Figure 11 displays changes in the relative MDA content of the shoots and roots in the thermotolerant and thermosensitive varieties under HT50 and TIR50. After undergoing TIR50, all seedlings (excluding N22) exhibited reduced MDA content in the seedling cell membranes. Additionally, the relative MDA content in the shoots of the thermotolerant varieties was significantly lower than that in the shoots of the sensitive species N22 but was nonsignificantly different from that of KH145.
Rice seedling screening method
In this study, the HT treatment was employed to screen rice seedlings with basal thermotolerance. Among the three experimental temperatures, the survival rates of the varieties under the HT45 treatment exhibited significant differences and were widely distributed. When the treatment temperature exceeded 48 °C, the plants’ survival and growth were severely inhibited; this reduced the differences in the seedling survival rate and shoot RGR between varieties. Therefore, HT45 was more adequate for evaluating the survival rate of rice seedlings because of the greater differences observed between varieties.
TIR can be used to evaluate short-term acquired thermotolerance. The treatment method in this study referenced that in Harihar et al. (2014) and Vijayalakshmi et al. (2015) and was aimed at providing solutions to the high air- and water-temperature stress faced by seedlings during Taiwan’s second crop seedling period. The study results indicated that the varieties subjected to the TIR48 treatment demonstrated significant differences in the shoot RGR. By contrast, significant differences were observed between the survival rates of the varieties that underwent the TIR50 treatment.

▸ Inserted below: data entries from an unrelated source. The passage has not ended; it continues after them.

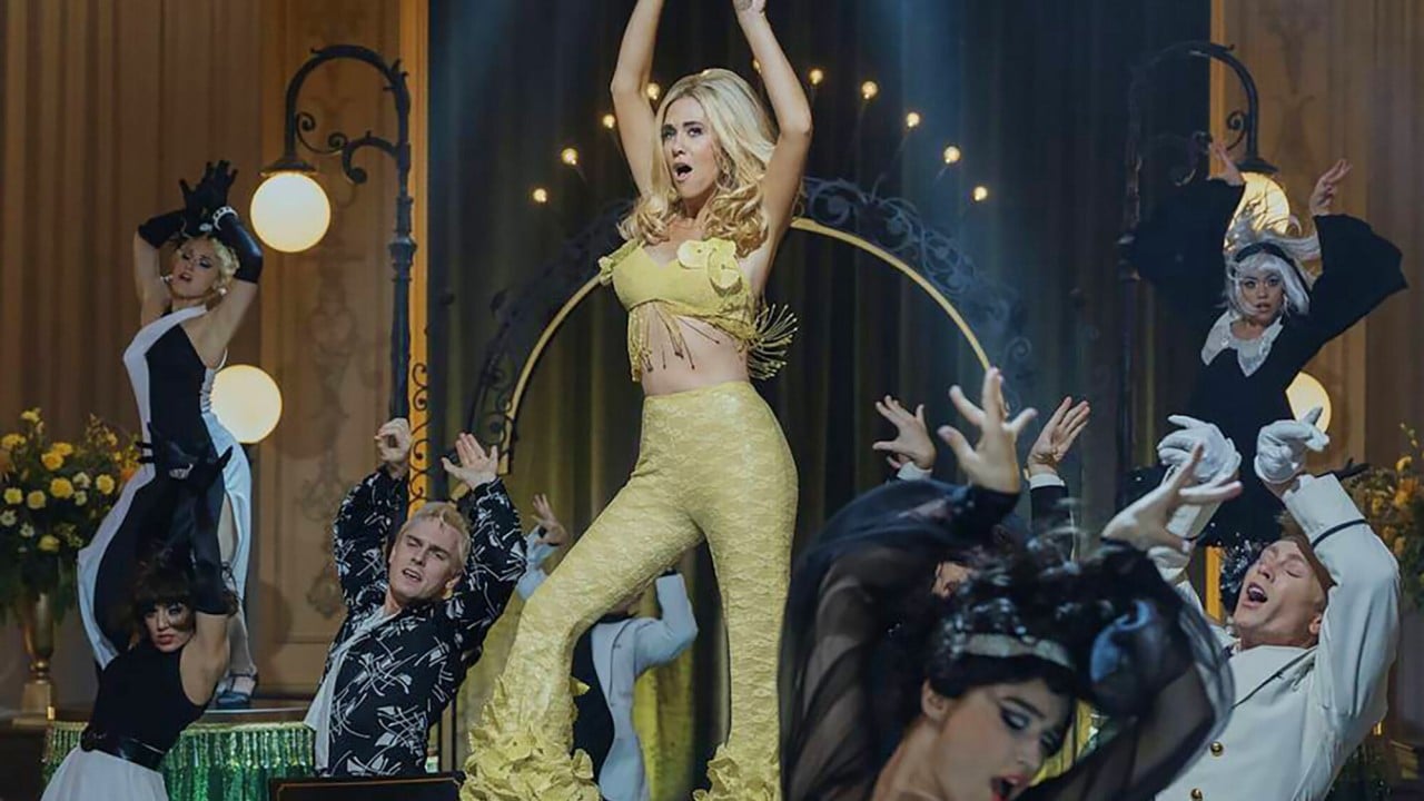 When Kristen Wiig steps out of a vintage Rolls-Royce in the opening scene of season two of Palm Royale, she is sporting a tall, yellow, fringed hat, gold platform sandals and sunny bell-bottoms, with fabric petals that sway with every determined step.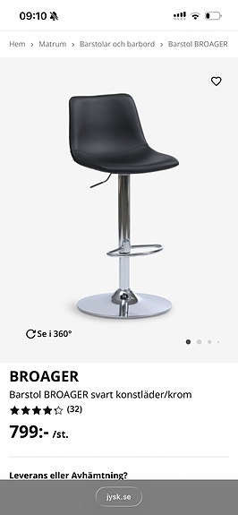 1 500 krBarstol BROAGER svart konstläder/krom justerbar höjd JyskJärfälla13 timLägg till i favoriter.Öppna annons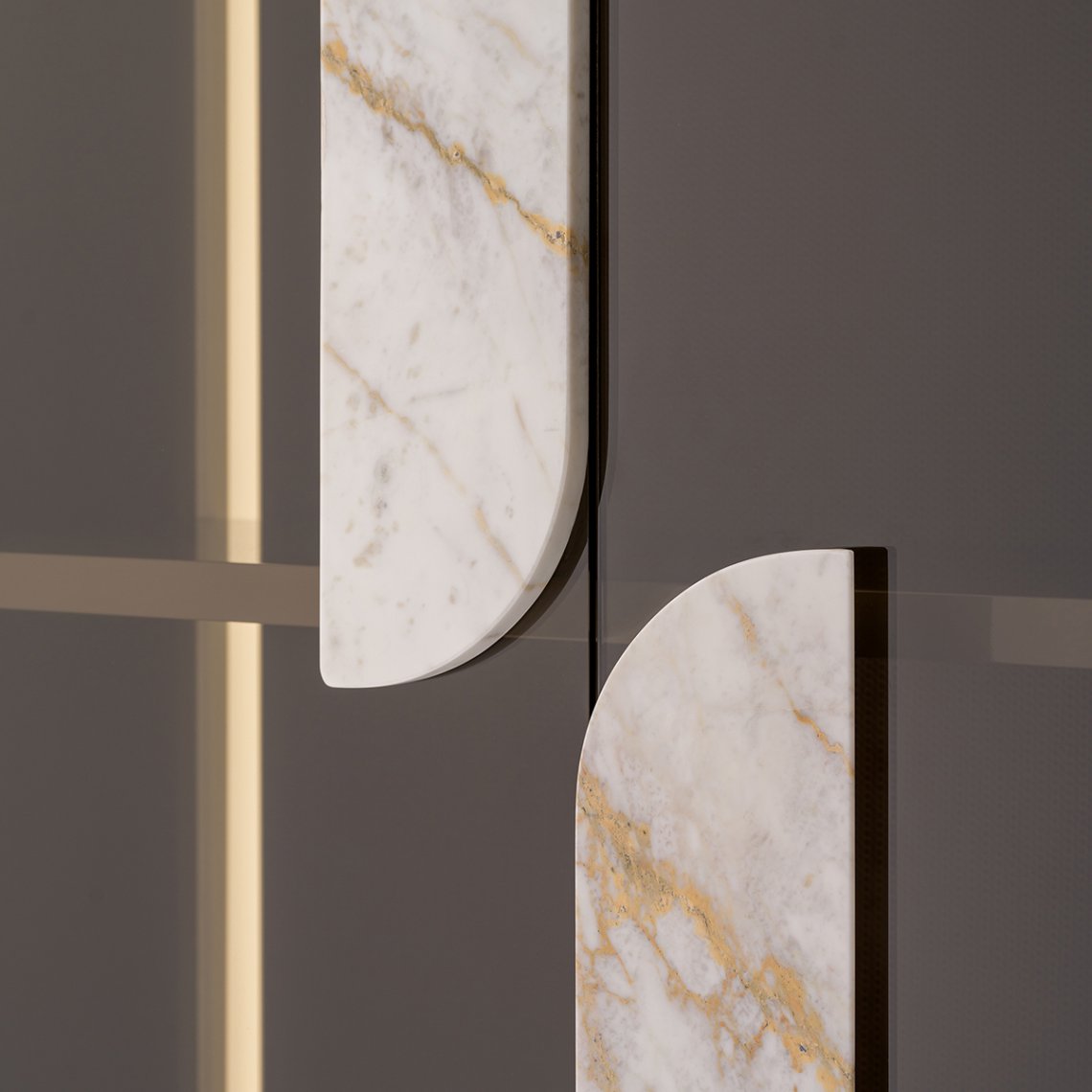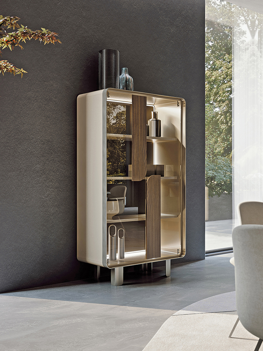The vitrine of the Soul collection incorporates the metal profile and the alternation of full and empty spaces of the sideboard that also find space in the verticality of the cabinet. The linearityof the glass doors is interrupted by the marble inserts emphasizing the coexistence of such different materials, making the new products suitable for being welcomed in design environments with a strong personality. The Soul vitrine is available in different finishes as per sample card.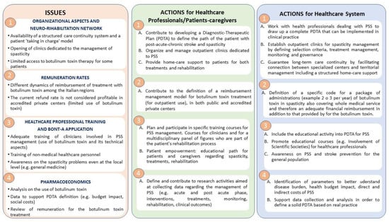 As to the results of the expert meetings, Figure 3 reports the most relevant issues identified by the panel. Furthermore, Figure 3 reports the actions needed in order to improve the current management of post-stroke spasticity.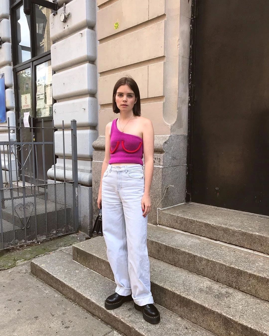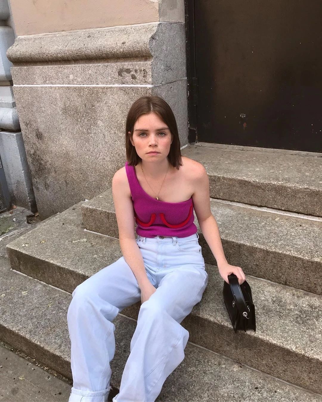 纽约品牌Orseund Iris推出了一款限量版单肩Top,模仿Bra的造型直接把底托挪到了上衣外边,真的是给今年的单肩Top增添不少趣味性。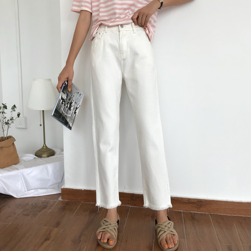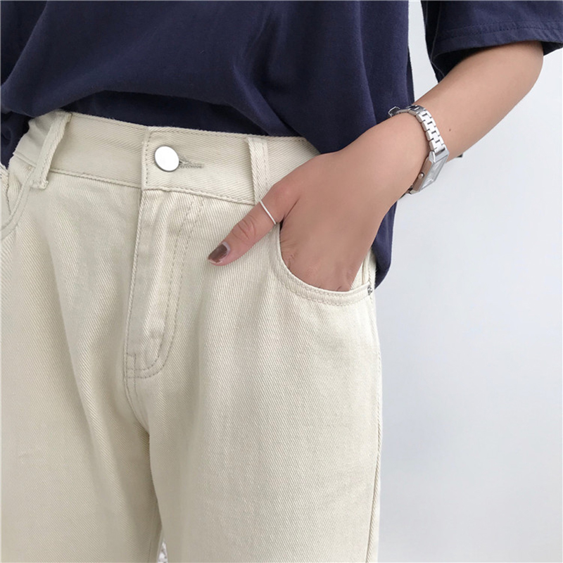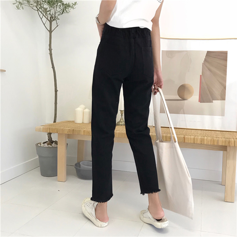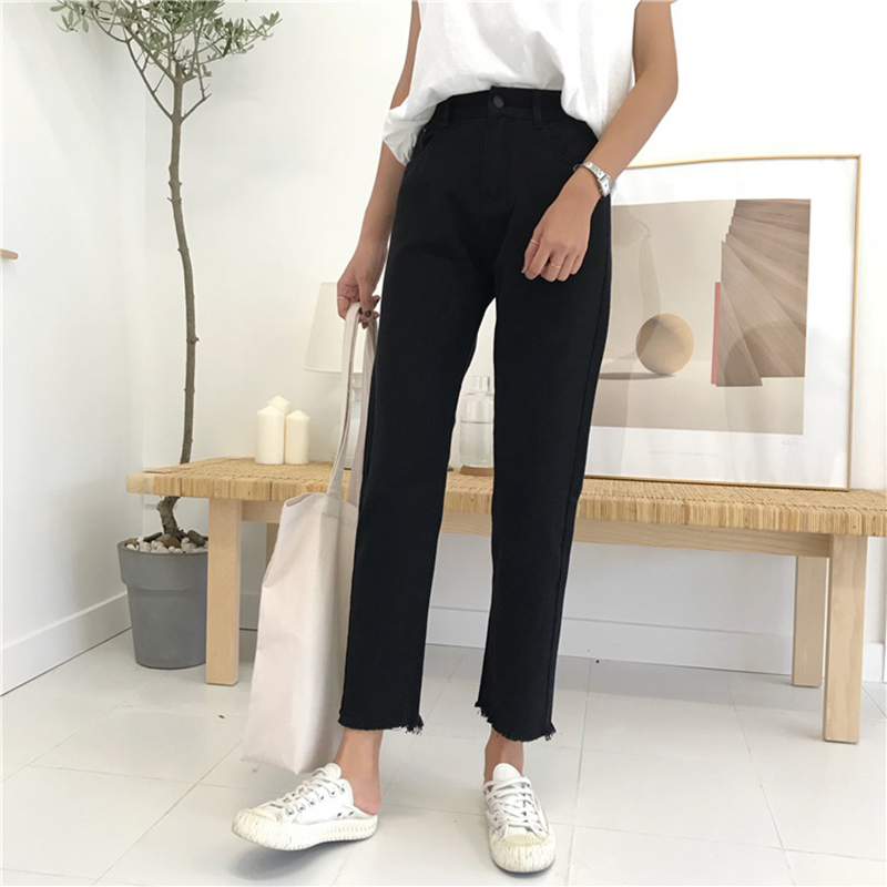 / 高腰松緊顯瘦復古水洗牛仔九分褲女秋裝新款韓版學生休閑直筒褲潮

After undergoing the TIR treatment, the rice seedlings’ thermotolerance was substantially improved; this finding concurred with that of Vijayalakshmi et al. (2015). Harihar et al. (2014) and Vijayalakshmi et al. (2015) employed growth and survival rates to screen plants following TIR treatment. However, the results of the present study indicated that the survival and growth rates were slightly correlated. A possible reason for this observation is that the two factors were influenced by different biological mechanisms. It is recommended to employ the shoot RGR of varieties subject to TIR48 as an indicator in future studies on screening varieties with acquired thermotolerance.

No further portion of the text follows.